A Governing.com blog post by finance writer Liz Farmer includes a little history lesson for conservative governors looking to swap income tax cuts for higher sales taxes. In order to avoid a massive drop-off in tax revenue in such a scenario, states would be obliged to not only increase their sales tax rate, but expand it beyond goods to include services as well.
But an example from Florida’s recent past gives reason to pause:
Expanding the sales base to include services would address both of those issues. However, getting that idea past the powerful lobbies that advocate for the affected industries is another question. In 1987, the Florida Legislature enacted an expanded sales tax on services like including advertising, legal, accounting and construction services. The move was met with enormous outcry. Major corporations like Coca-Cola and Procter & Gamble canceled or reduced their advertising in the state to protest the tax while business groups canceled at least 60 conventions they had booked in the state. The tax lasted just six months until it was repealed and the legislature instead voted to raise the sales tax from 5 percent to 6 percent, a rate that is still in effect today.

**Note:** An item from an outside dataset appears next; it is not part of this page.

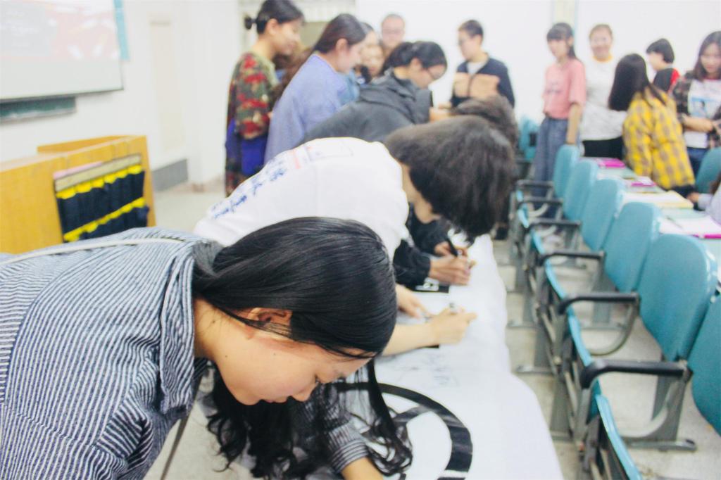 紧接着由马薏雯对本次活动进行了总结。她指出为什么我们需要做这样的活动?首先从社会发展的角度来看控烟禁烟是人类文明发展的总趋势,在北京上海等一线城市已全面实施了公共场合禁止吸烟的规定,控烟禁烟必将深入到广大群众中。其次,从个人发展的角度来看,吸烟影响着自身以及下一代的健康。吸烟是一个不良的习惯。每个不良的习惯拼凑起来会成为一个消极的生活状态,从而影响着四年的大学生活甚至以后的人生道路。老师希望同学们脚踏实地从养成好习惯开始,用积极正面的态度去面对问题,面对生活。最后,由马薏雯和同学们共同在印有“世界禁烟日”字样的的条幅上签名。

It’s worth noting that a tax expert quoted in the blog confirms that income taxes are the most destructive tax because they create a disincentive to build wealth. However, as the experience in Florida shows, a workable sales tax runs the risk of becoming quickly unpopular once consumers start seeing the true cost of government on every commercial transaction.
Assuming some states do enact the income-for-sales-tax swap, maybe the sticker shock will prompt another round of reform; one that perhaps lets third-party vendors compete for government contracts to deliver services at a fraction of what it costs to fund a bureaucracy.